Capítulo VII
Raul Kinson sabía que tenía que compartir su conocimiento con Leesa. Habían crecido algo apartados desde que ella había llegado a la edad de soñar.
La encontró en un grupo de jóvenes adultos y la observó desde la puerta. Ella gozaba de toda la popularidad y camaradería que le habían denegado a él. A pesar de su fealdad, ella tenía una fuente inagotable de ideas divertidas para todos.
Nadie podía comparársele en la diabólica inteligencia e inventiva de su mente.
—Mi último sueño —la oyó explicar— fue poco importante, pero me divertí muchísimo.
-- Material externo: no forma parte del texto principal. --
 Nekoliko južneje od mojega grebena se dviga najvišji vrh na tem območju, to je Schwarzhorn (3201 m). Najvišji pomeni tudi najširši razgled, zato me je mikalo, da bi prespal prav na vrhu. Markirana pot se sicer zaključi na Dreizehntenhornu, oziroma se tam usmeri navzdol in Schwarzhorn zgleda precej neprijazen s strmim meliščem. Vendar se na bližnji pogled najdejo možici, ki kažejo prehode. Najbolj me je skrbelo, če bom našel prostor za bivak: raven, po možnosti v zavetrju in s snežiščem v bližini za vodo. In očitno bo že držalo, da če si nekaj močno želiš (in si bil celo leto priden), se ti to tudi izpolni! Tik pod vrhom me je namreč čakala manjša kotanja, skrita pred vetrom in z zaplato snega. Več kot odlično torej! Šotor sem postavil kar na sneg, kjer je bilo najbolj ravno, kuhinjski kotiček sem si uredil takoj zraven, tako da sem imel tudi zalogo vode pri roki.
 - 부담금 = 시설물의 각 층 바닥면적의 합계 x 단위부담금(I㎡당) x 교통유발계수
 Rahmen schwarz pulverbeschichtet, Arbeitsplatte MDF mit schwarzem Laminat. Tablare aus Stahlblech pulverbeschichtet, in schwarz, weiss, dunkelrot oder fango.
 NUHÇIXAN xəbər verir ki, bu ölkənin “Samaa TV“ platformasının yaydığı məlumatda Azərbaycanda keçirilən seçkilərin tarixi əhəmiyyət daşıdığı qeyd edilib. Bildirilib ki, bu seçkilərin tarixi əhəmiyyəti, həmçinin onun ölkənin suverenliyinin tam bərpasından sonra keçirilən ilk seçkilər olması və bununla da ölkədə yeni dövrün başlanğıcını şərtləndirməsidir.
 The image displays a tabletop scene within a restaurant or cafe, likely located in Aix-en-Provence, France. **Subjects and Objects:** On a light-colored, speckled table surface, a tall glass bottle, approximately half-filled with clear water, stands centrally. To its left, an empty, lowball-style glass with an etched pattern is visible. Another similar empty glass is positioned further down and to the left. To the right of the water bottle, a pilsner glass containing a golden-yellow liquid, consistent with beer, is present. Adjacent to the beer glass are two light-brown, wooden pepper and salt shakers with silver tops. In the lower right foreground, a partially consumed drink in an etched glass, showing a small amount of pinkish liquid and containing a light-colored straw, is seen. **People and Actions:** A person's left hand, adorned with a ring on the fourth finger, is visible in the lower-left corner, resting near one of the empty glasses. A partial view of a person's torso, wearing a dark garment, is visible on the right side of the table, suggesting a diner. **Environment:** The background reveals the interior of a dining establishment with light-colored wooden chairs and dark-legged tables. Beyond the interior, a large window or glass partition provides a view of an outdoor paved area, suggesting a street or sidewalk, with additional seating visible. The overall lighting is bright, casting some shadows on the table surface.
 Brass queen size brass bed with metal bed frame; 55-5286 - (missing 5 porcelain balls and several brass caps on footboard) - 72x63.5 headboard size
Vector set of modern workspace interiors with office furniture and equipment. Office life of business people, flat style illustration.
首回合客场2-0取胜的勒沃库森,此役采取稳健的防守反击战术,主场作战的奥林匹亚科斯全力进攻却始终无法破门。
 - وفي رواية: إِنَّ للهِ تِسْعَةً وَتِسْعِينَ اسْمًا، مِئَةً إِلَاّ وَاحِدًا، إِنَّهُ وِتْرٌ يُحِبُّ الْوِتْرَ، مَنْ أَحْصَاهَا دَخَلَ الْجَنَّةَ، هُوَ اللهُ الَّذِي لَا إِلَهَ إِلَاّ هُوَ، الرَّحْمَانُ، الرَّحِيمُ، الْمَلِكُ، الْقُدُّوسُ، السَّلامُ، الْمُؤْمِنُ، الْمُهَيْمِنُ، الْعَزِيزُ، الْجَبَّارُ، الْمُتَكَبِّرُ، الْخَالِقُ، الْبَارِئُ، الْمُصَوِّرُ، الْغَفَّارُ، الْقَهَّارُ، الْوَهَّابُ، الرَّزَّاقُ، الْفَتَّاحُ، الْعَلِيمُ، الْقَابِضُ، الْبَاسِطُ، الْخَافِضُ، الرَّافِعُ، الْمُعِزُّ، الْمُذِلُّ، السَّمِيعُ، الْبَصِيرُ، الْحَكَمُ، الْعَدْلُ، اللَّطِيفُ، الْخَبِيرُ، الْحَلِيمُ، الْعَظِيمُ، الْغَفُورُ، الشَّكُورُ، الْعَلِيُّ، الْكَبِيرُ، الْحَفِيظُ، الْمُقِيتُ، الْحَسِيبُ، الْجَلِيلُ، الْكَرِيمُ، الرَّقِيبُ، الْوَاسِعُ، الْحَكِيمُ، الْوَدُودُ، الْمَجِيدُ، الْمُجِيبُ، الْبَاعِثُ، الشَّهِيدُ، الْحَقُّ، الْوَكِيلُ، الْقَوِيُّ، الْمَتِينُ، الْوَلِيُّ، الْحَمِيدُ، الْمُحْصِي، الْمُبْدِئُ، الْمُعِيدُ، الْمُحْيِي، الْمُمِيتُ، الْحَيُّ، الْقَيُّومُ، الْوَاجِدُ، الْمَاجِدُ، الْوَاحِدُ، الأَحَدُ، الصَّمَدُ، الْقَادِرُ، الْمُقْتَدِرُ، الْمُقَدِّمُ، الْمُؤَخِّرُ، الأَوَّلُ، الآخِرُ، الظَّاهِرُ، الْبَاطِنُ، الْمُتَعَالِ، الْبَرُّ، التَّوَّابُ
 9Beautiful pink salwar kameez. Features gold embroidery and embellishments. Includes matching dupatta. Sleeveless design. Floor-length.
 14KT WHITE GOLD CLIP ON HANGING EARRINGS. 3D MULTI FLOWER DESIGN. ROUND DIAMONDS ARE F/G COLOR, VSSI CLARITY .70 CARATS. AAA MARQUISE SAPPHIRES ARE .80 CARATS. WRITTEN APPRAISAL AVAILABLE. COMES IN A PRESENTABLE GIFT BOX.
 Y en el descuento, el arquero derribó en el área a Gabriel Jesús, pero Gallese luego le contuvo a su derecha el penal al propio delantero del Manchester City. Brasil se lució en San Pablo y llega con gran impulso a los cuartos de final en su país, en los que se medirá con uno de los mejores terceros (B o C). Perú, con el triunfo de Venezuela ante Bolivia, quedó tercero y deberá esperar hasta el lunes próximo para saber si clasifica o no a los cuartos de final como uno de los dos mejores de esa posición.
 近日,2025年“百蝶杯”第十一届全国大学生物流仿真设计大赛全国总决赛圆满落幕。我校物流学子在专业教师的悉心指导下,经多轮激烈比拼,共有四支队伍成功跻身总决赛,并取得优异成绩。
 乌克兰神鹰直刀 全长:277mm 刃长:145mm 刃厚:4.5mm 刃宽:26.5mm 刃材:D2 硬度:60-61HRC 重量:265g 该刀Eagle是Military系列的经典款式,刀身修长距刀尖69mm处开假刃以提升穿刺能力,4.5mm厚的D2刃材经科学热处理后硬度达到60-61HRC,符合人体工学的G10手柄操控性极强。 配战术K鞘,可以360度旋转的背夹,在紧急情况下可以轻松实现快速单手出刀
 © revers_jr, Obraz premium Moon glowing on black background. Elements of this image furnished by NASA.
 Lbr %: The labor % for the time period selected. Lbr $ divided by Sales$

—Cuéntanos, Leesa, cuéntanos.
—Me deslicé muy suavemente en la mente de un hombre mayor del segundo mundo. Un hombre muy poderoso, lleno de años y lleno de dignidad. Durante las diez horas de mi sueño le hice contar todos los objetos en voz alta. Los vehículos de la calle, las grietas de la acera, las ventanas de los edificios. Le hice contar en voz alta sin permitirle hacer nada más que eso. Sus amigos, familiares, colaboradores, estaban todos horrorizados. El hombre digno contando hasta perder la voz. Se dejó caer de rodillas contando las baldosas del suelo. Los doctores le suministraron una droga, pero yo seguí manteniendo el control de la mente del anciano, que seguía contando en voz alta. Fue muy divertido.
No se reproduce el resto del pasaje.